Bien que la pierre composant la pointe soit d'abord identifiée comme étant du chert vert en se basant sur les éléments macroscopiques, elle est correctement identifiée par une analyse microscopique effectuée à l'aide de la fluorescence X. Il s'agit de rhyolite, bien que les inclusions caractéristiques de ce type de pierre soient rares ou invisibles.

L'objet fait partie de l'exposition « Fragments d'humanité » présentée par le Musée de Pointe-à-Callière, cité d'archéologie et d'histoire de Montréal.
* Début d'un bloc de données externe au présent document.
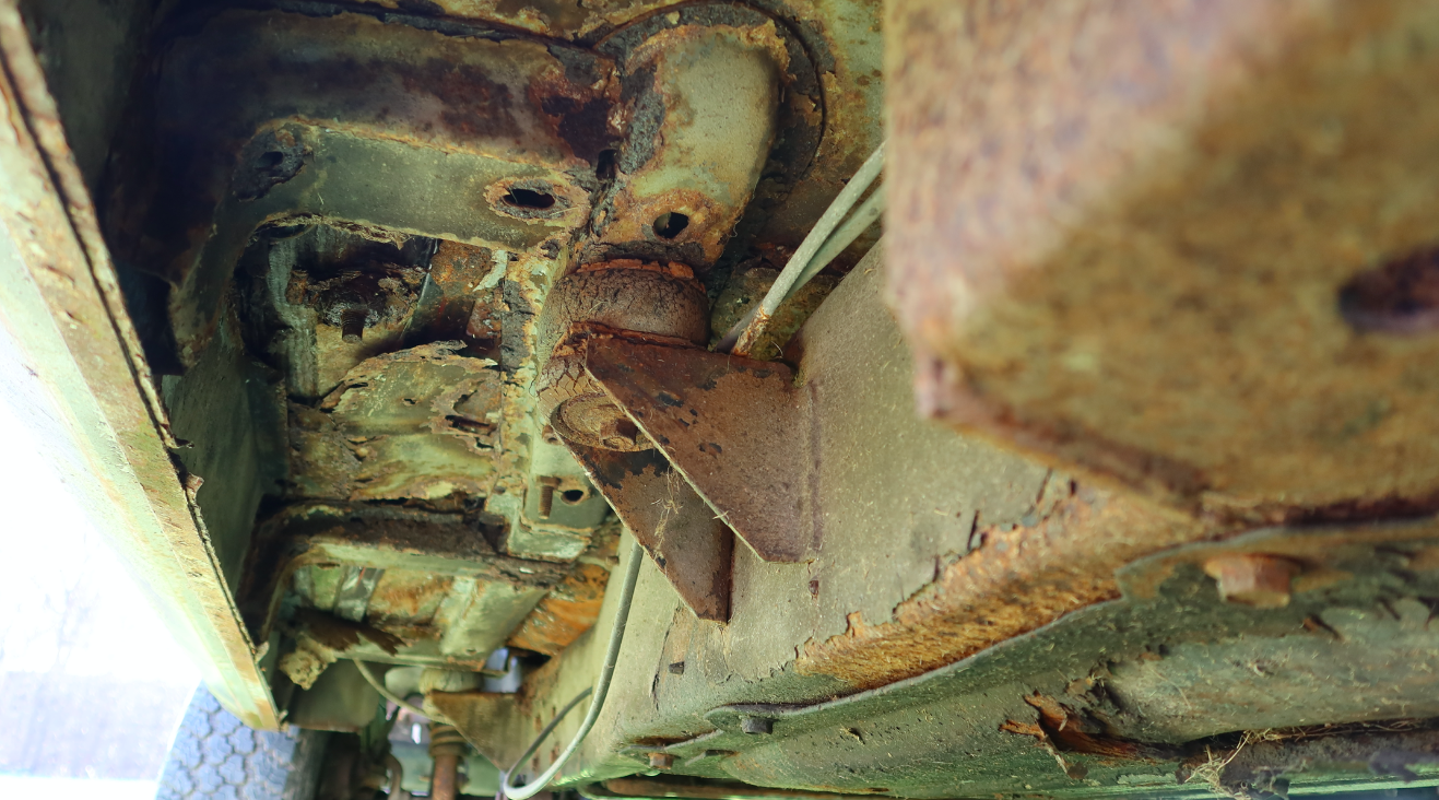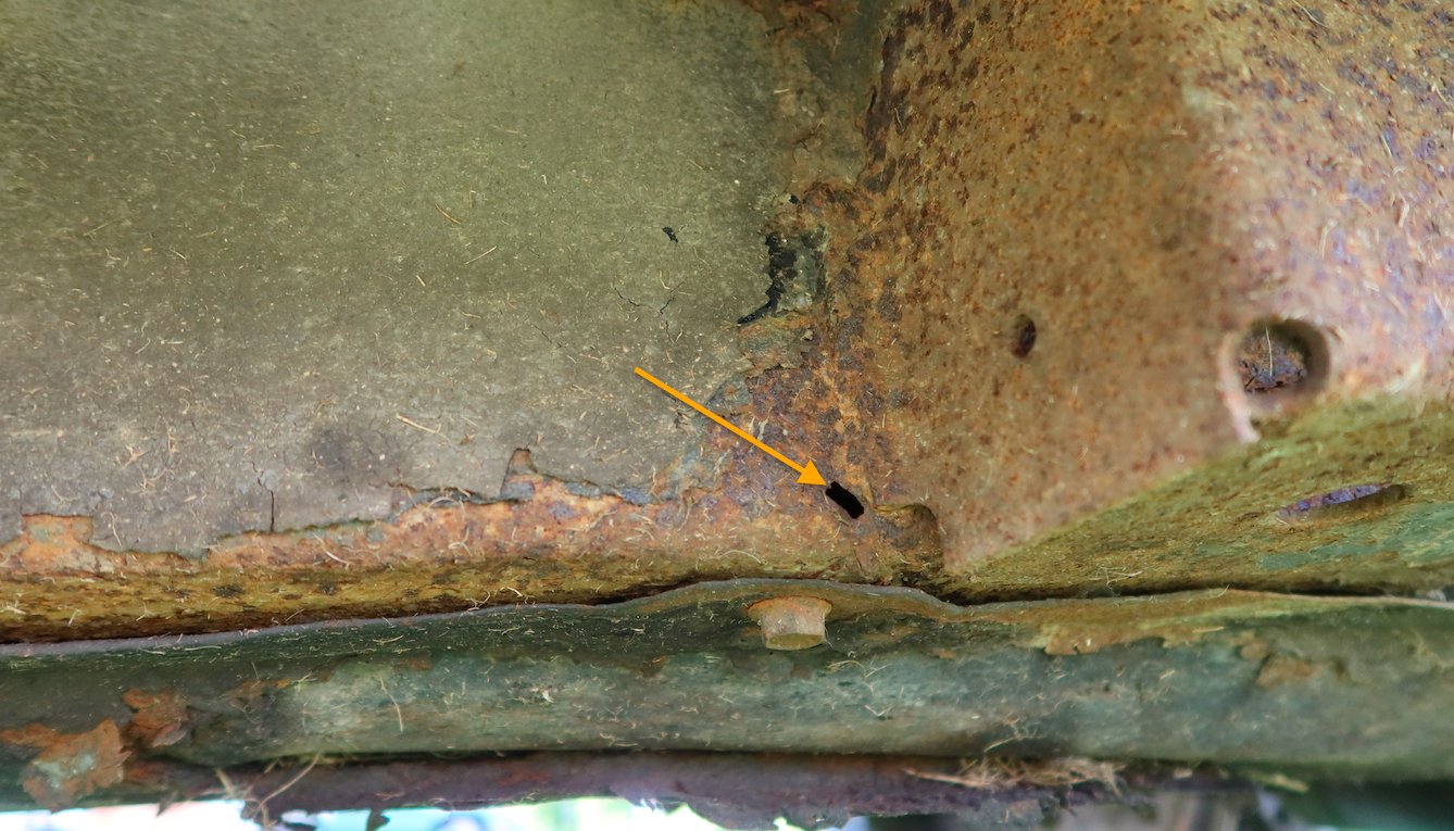 I also found a tiny hole in the frame near the fuel tank. It doesn't seem like a major issue, and poking around that hole seems to reveal reasonably strong metal. But this is something that should probably be hit with a welder soon:

Cette ébauche de pointe remonte avec l'éclat de cannelure BiEr-1-319L.

RÉFÉRENCES

BURKE, Adrian L., Claude CHAPDELAINE et Gilles GAUTHIER. « Refining the Paleoindian Lithic Source Network at Cliche-Rancourt Using XRF ». Archaeology of Eastern North America. Vol. 42 (2014), p. 101-128.
CHAPDELAINE, Claude. « Cliche-Rancourt, un site du Paléoindien ancien ». CHAPDELAINE, Claude, dir. Entre lacs et montagnes au Méganticois, 12 000 ans d’histoire amérindienne. Paléo-Québec, 32. Montréal, Recherches amérindiennes au Québec, 2007, p. 47-120.
CHAPDELAINE, Claude. « Early Paleoindian Occupation at Cliche-Rancourt, Southeastern Quebec ». CHAPDELAINE, Claude, dir. Late Pleistocene Archaeology and Ecology in the Far Northeast. College Station, Texas A&M University Press, 2012, p. 135-163.
CHAPDELAINE, Claude. Le Méganticois : la vingt-cinquième école de fouilles, juillet-août 2003. Rapport de recherche archéologique [document inédit], Université de Montréal, 2003. 133 p.